Lombok Timur (NTBSatu) – Penjabat (Pj) Bupati Lombok Timur, M Juaini Taofik, bertemu dengan Ketua Forum Komunikasi Kepala Desa (FKKD) Lombok Timur, M Khairul Ihsan, pada Senin, 22 Juli 2024 lalu.
Pj Bupati menggelar pertemuan tersebut pasca viralnya kasus bocah usia tujuh tahun meninggal dunia di RSUD Soedjono diduga akibat terganjal biaya dan administrasi.
Meski peristiwa itu memancing komentar miring banyak pihak terkait pelayanan RSUD Soedjono, namun Taofik enggan menyalahkan pihak rumah sakit.
Menurutnya, langkah rumah sakit sudah sesuai dengan standar prosedur pelayanan. Ia pun menyimpulkan peristiwa itu terjadi hanya karena kesalahan komunikasi semata.
Imbas peristiwa itu, Taofik mengatakan segera melakukan penertiban kepesertaan BPJS Kesehatan pada masyarakat. Di mana ia menduga telatnya penanganan kepada Wardi akibat BPJS Kesehatan yang tidak aktif.
“Ini yang jadi persoalan ketika datang berobat ke rumah sakit, ternyata BPJS-nya tidak aktif,” ucap Taofik.
Taofik mengungkapkan, meski kepesertaan masyarakat Lombok Timur dalam BPJS Kesehatan mencapai 98,6 persen, tetapi keaktifan masih di angka 75,8 persen.
“Artinya ada kesenjangan antara kepesertaan aktif dengan tidak,” ucap Taofik.
Ia meminta agar kasus ini menjadi pelajaran dan atensi seluruh pihak agar tidak ada lagi Wardi kedua.
Taofik juga mendorong semua pihak terlibat untuk memperkecil kesenjangan tersebut.
Ia juga meminta semua instansi terkait hingga kepala desa untuk menyisir masyarakat yang kepesertaan BPJS-nya tidak aktif. Terutama masyarakat kurang mampu yang kepesertaannya mendapat pembiayaan oleh pemerintah.

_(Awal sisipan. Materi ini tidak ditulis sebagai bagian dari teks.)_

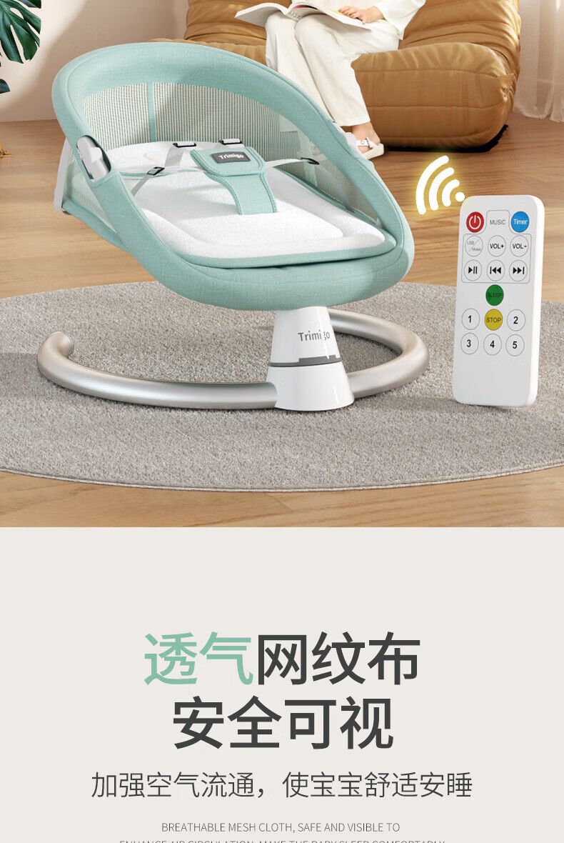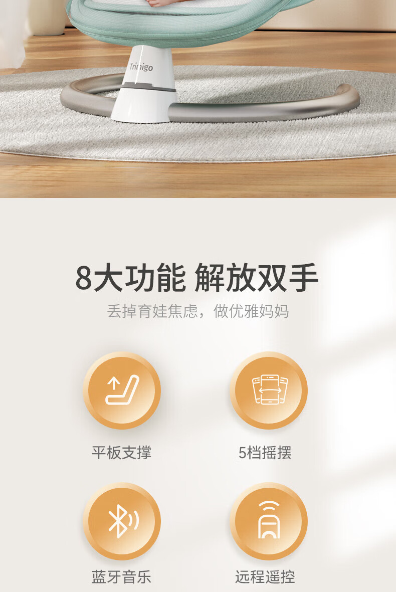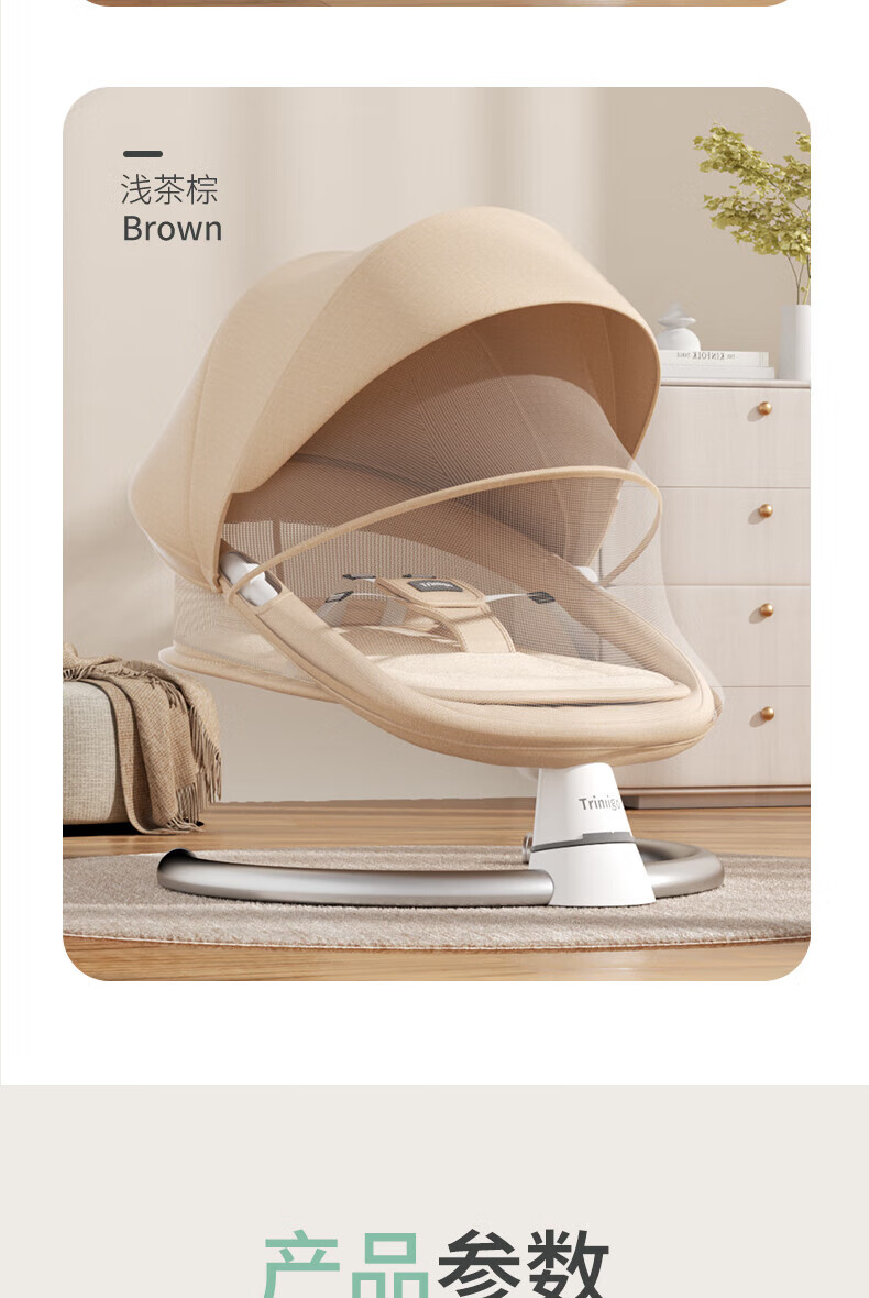 泰美高可躺婴儿摇摇椅新生儿哄娃神器婴儿用品宝宝摇椅安抚摇篮男女礼物 出生见面礼婴儿用品摇摇-棕
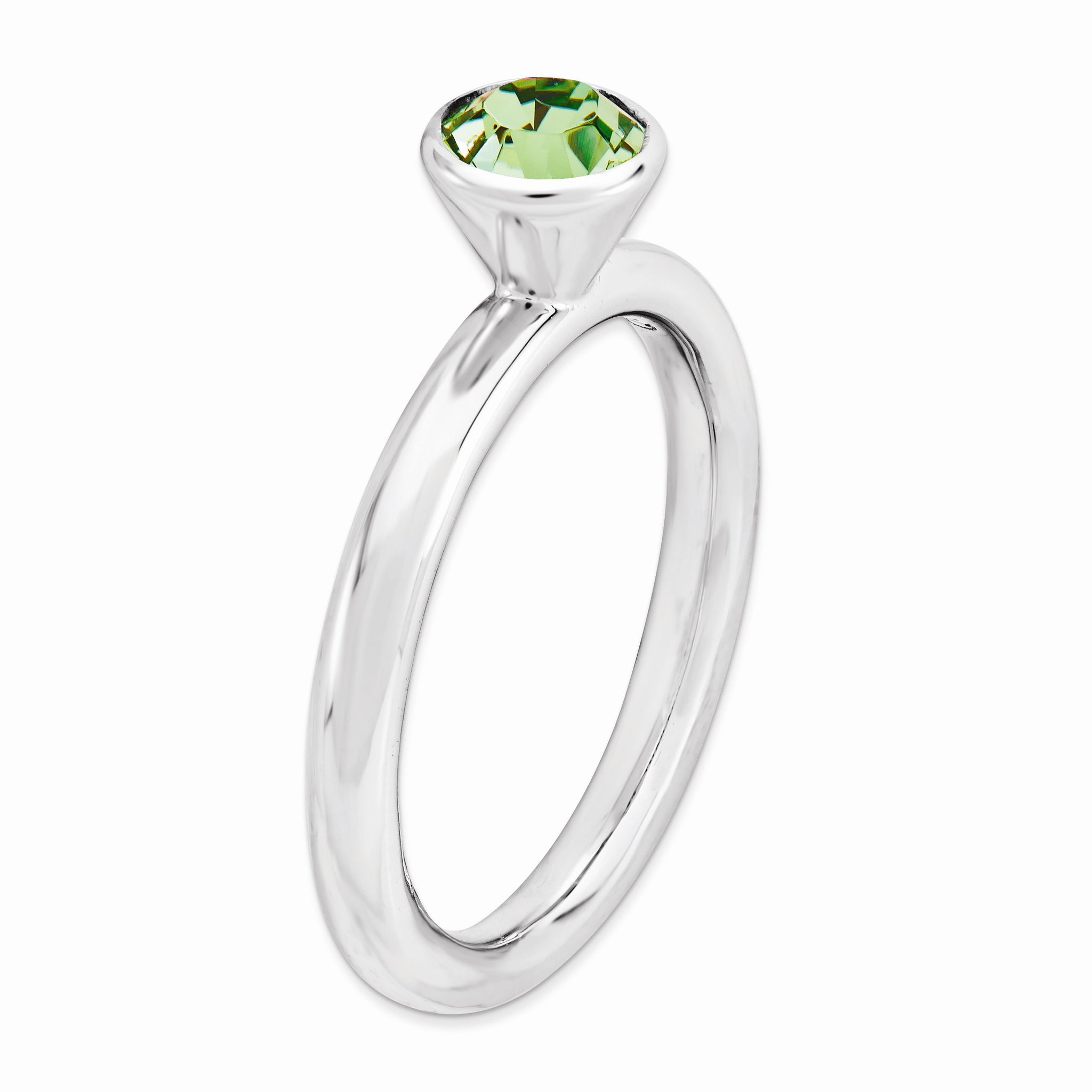 Use this simulated birthstone ring to symbolize an important month or use multiples to create a personalized family combination. Representing the month of August, this 2.5mm band fashioned from rhodium plated sterling silver is bezel set in a high profile mounting with a 5mm pale green crystal that will stand out and make a statement. Guaranteed to fit together perfectly with all of the mix and match Stackable Expressions rings.

Ulasan Kasus Meninggalnya Bocah di RSUD Selong
Sebelumnya, peristiwa memilukan itu menimpa Khairul Wardi ketika berobat di RSUD Soedjono Selong. Ia meregang nyawa setelah pengobatannya terganjal biaya pada Kamis, 18 Juli 2024 malam.
Kepala Desa Kembang Kerang, Yahya Putra, mengungkapkan korban yang mengidap sakit di bagian kepala dibawa oleh keluarganya untuk melakukan pemeriksaan.
Namun, pihak rumah sakit justru meminta pembayaran terlebih dahulu sebelum melakukan pemeriksaan kepada korban. Nilainya mencapai Rp1 juta.
Keluarga korban yang sedang tidak punya uang pun meminta pertolongan kepada Yahya agar segera mendapat penanganan.
Nahasnya, saat Yahya tiba membantu, kondisi korban telah kritis, bahkan sempat mengalami kejang. Nyawa korban pun tidak dapat terselamatkan.
“Saya bingung, kok, begitu cara mereka (rumah sakit). Jangan mereka cari biaya dulu kalau memang penanganannya harus cepat untuk mengetahui penyakitnya segera. Karena anak ini sangat kritis dan kejang-kejang, harus tahu cepat penyakitnya,” ketus Yahya.
Imbas peristiwa itu, Yahya mengaku kecewa dengan pelayanan RSUD Soedjono yang lebih mementingkan uang dan dokumen administrasi ketimbang nyawa manusia.
“Jangan begitu caranya, dilayani dulu masyarakat,” ucapnya.
Selain itu, ungkap Yahya, kesedihan dan kekecewaan mendalam juga sangat nampak dari wajah pihak keluarga.
Yahya mengatakan, ia dan keluarga korban tidak kuasa membendung air mata menyaksikan anak sekecil itu meninggal dalam kondisi lelah kesakitan.
“Saya tidak kuasa menahan tangis melihat anak itu lelah kesakitan. Sehingga saya sangat merasa kecewa dengan pelayanan rumah sakit itu,” ucapnya.